'''

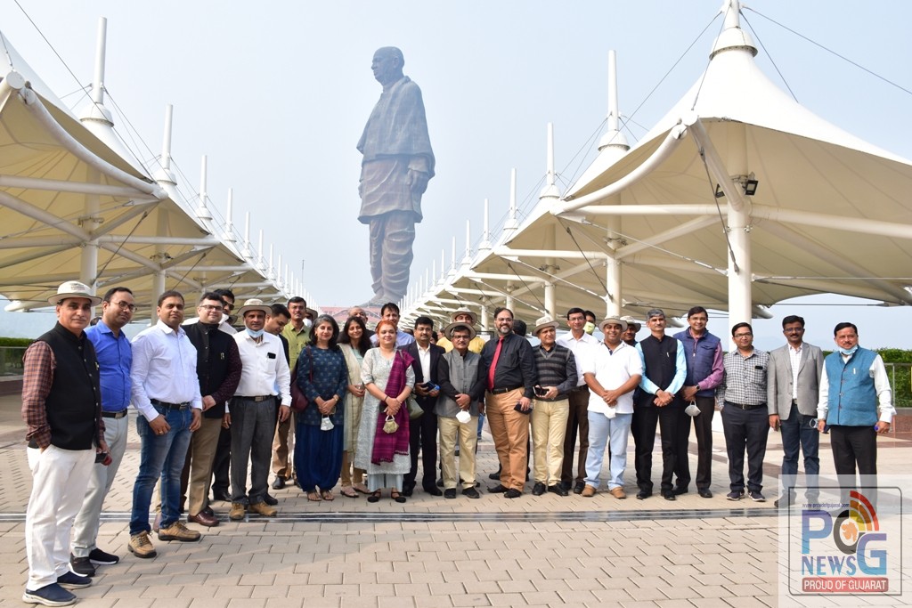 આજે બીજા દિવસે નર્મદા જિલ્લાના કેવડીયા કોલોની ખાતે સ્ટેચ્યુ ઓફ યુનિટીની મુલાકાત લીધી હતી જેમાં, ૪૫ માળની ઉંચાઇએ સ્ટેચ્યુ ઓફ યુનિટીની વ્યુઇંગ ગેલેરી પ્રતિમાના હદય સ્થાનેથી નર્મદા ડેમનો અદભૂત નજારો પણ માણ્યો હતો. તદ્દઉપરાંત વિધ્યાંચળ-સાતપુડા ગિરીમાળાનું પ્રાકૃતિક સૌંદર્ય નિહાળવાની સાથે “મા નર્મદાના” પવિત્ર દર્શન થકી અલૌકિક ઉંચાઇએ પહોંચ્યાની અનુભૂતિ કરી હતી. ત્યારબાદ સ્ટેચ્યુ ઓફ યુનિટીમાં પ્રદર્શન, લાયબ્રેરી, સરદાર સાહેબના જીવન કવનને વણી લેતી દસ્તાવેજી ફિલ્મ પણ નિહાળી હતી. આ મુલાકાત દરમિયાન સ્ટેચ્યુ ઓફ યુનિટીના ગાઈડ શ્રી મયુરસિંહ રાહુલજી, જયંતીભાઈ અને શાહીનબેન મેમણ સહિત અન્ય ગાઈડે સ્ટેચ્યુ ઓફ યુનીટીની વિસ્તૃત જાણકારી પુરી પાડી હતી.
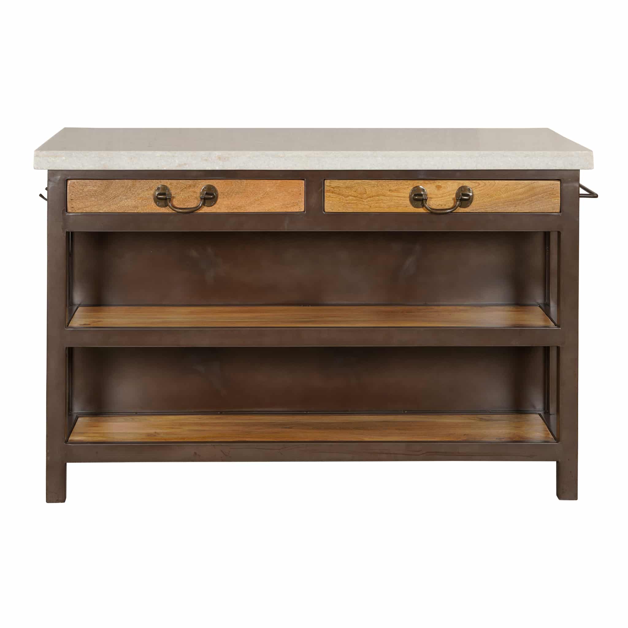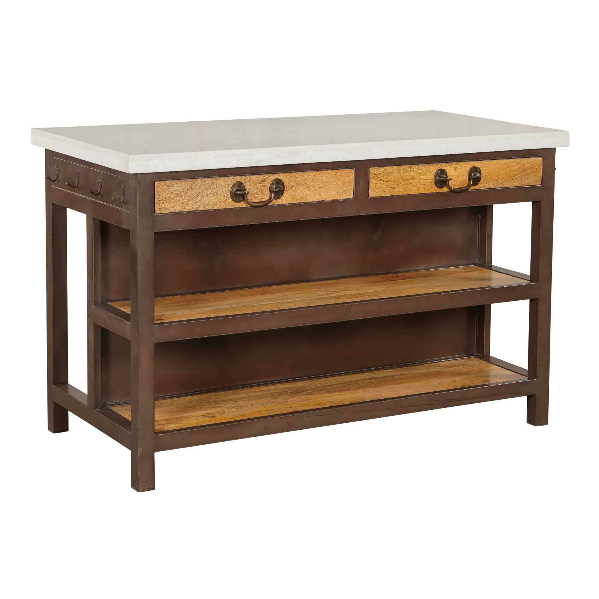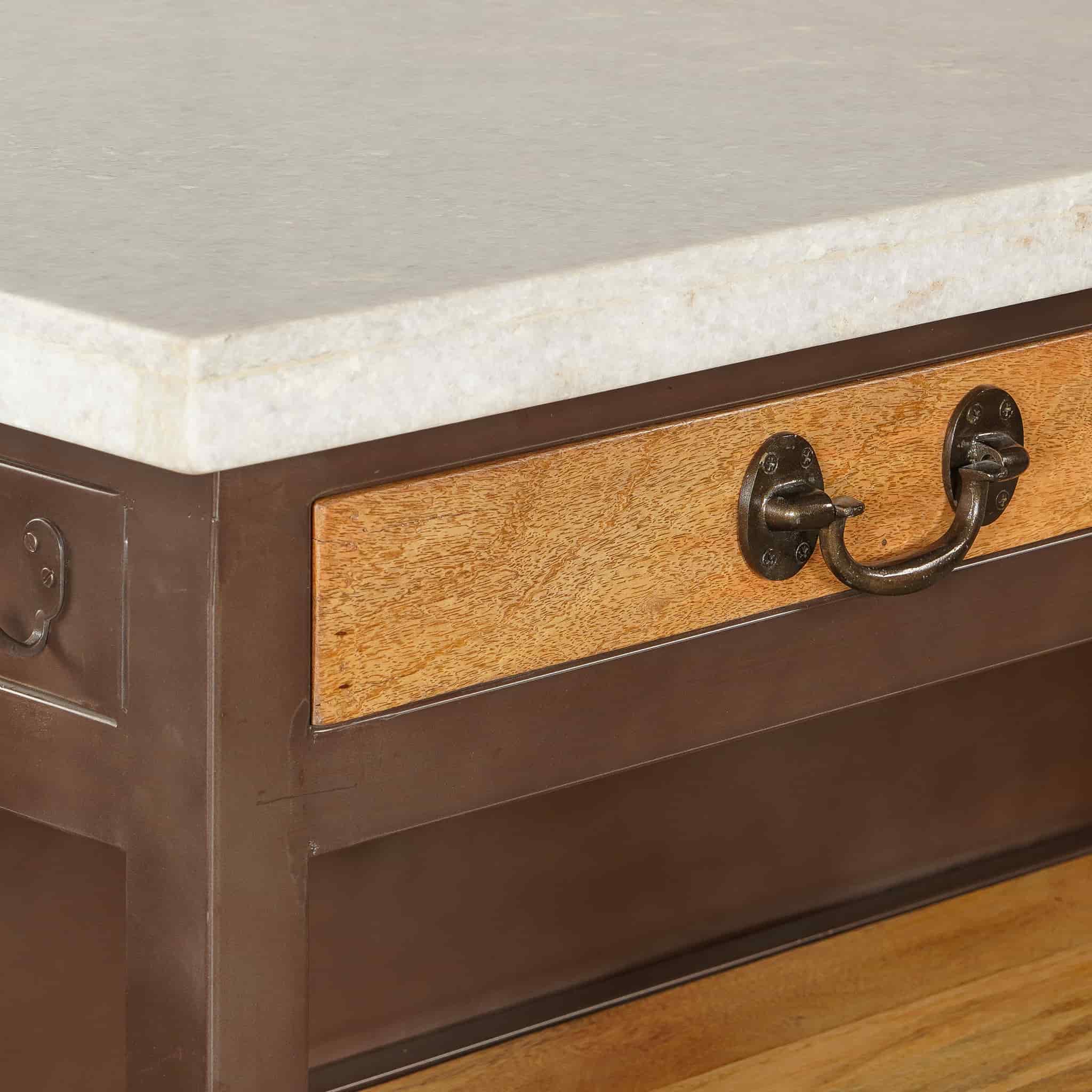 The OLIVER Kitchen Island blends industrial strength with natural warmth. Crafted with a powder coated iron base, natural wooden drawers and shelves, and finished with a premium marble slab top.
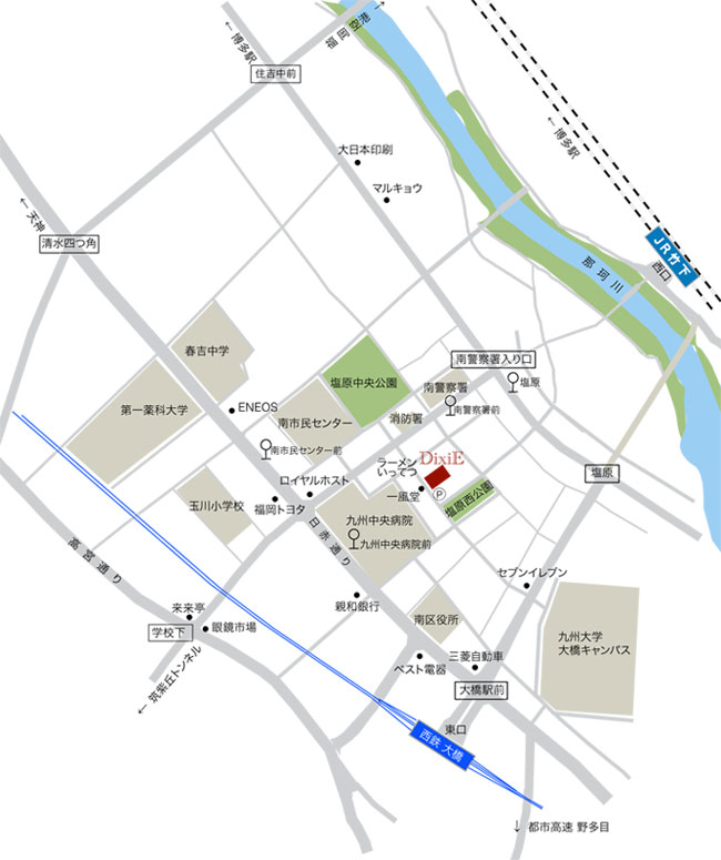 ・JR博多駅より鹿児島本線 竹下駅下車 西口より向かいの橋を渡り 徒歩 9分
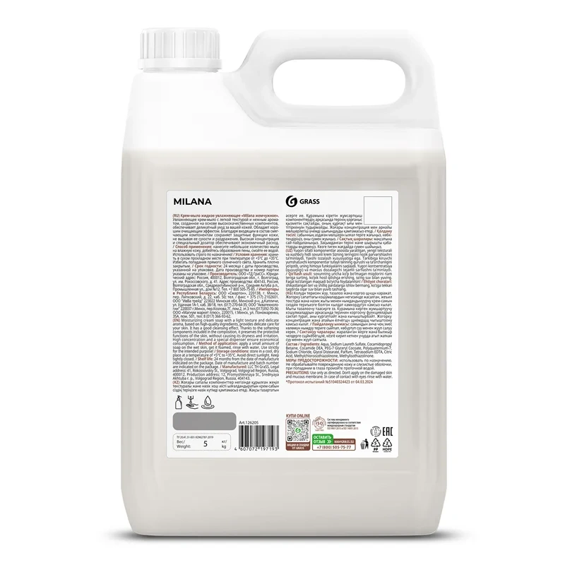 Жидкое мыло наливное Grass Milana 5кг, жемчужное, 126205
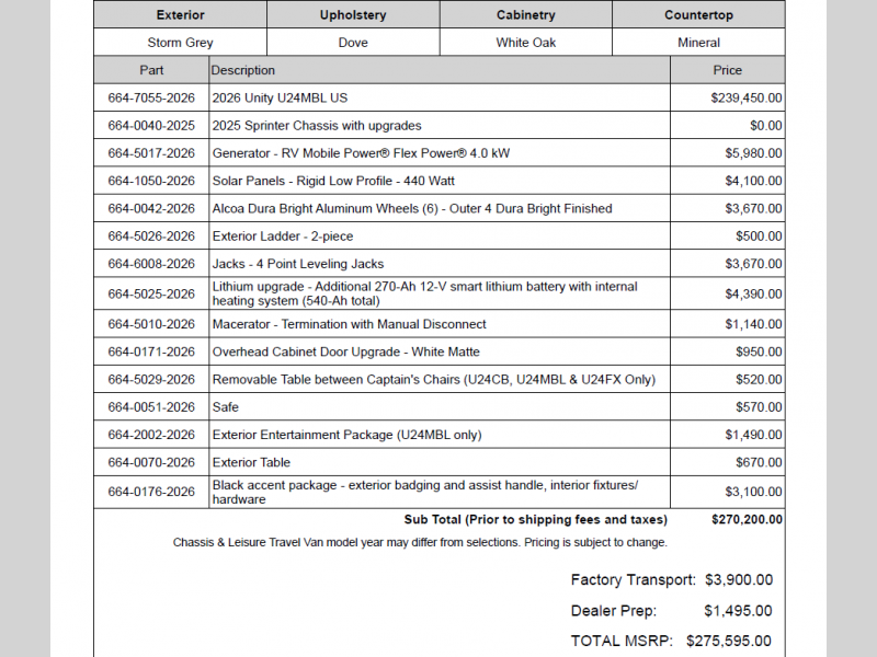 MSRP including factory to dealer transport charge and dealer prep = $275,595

'''

PROBLEM TO WORK ON => Although the records contain pictures, only the text should be copied, exactly as it stands.

SOLVED PROBLEM =>
 આજે બીજા દિવસે નર્મદા જિલ્લાના કેવડીયા કોલોની ખાતે સ્ટેચ્યુ ઓફ યુનિટીની મુલાકાત લીધી હતી જેમાં, ૪૫ માળની ઉંચાઇએ સ્ટેચ્યુ ઓફ યુનિટીની વ્યુઇંગ ગેલેરી પ્રતિમાના હદય સ્થાનેથી નર્મદા ડેમનો અદભૂત નજારો પણ માણ્યો હતો. તદ્દઉપરાંત વિધ્યાંચળ-સાતપુડા ગિરીમાળાનું પ્રાકૃતિક સૌંદર્ય નિહાળવાની સાથે “મા નર્મદાના” પવિત્ર દર્શન થકી અલૌકિક ઉંચાઇએ પહોંચ્યાની અનુભૂતિ કરી હતી. ત્યારબાદ સ્ટેચ્યુ ઓફ યુનિટીમાં પ્રદર્શન, લાયબ્રેરી, સરદાર સાહેબના જીવન કવનને વણી લેતી દસ્તાવેજી ફિલ્મ પણ નિહાળી હતી. આ મુલાકાત દરમિયાન સ્ટેચ્યુ ઓફ યુનિટીના ગાઈડ શ્રી મયુરસિંહ રાહુલજી, જયંતીભાઈ અને શાહીનબેન મેમણ સહિત અન્ય ગાઈડે સ્ટેચ્યુ ઓફ યુનીટીની વિસ્તૃત જાણકારી પુરી પાડી હતી.
 The OLIVER Kitchen Island blends industrial strength with natural warmth. Crafted with a powder coated iron base, natural wooden drawers and shelves, and finished with a premium marble slab top.
 ・JR博多駅より鹿児島本線 竹下駅下車 西口より向かいの橋を渡り 徒歩 9分
 Жидкое мыло наливное Grass Milana 5кг, жемчужное, 126205
 MSRP including factory to dealer transport charge and dealer prep = $275,595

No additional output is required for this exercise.